- Directed by: Wes Miller
- Written by: Wes Miller
- Produced by: Wes Miller; Andrew van den Houten;
- Starring: Naturi Naughton; Lance Gross; Jason Mitchell; Johnny Messner; Tobias Truvillion; Nicholas Turturro;
- Cinematography: Ron Bowjack Bourdeau
- Edited by: Mike Twin Jones
- Music by: Paul Koch
- Production companies: BET Films BlackLight Entertainment
- Distributed by: BET+
- Release date: July 6, 2023;
- Running time: 109 minutes
- Country: United States
- Language: English

= Call Her King =

Action film by Wes Miller

Call Her King is a 2023 American action thriller film written and directed by Wes Miller. The film stars Naturi Naughton as Judge Jaeda King who has just sentenced Sean Samuels (Jason Mitchell) to death when the courthouse is hijacked by his brother Gabriel (Lance Gross). The film also stars Johnny Messner, Tobias Truvillion and Nicholas Turturro.

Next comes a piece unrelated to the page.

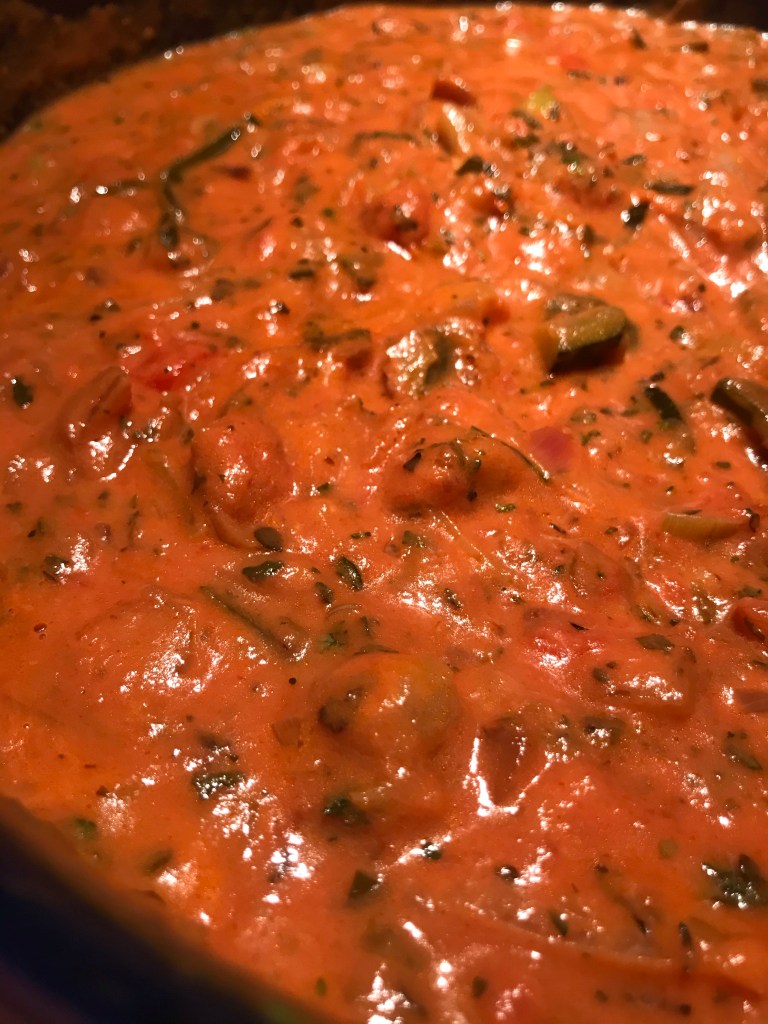 Tomatenblokjes en passata en kookroom toevoegen.

The film was produced by BET Films and BlackLight Entertainment and released by BET+ on July 6, 2023.

== Reception==
Film critic Brian Orndorf from Blu-ray.com gave it grade "B-" writing: "Call Her King isn’t Die Hard, but it has moments of inspiration and some sense of legal commentary, trying to challenge the system while keeping mild stunt work coming. It’s enough to entertain and, maybe, enlighten." Khalil Johnson from Punch Drunk Critics gave it mixed review writing: "Call Her King isn’t trying to reinvent the wheel in regard to action movies, but it still doesn’t hit all the beats it needs to. Something like this could have been better served as a limited series. This would have meant a better budget as well as more time to flesh things out."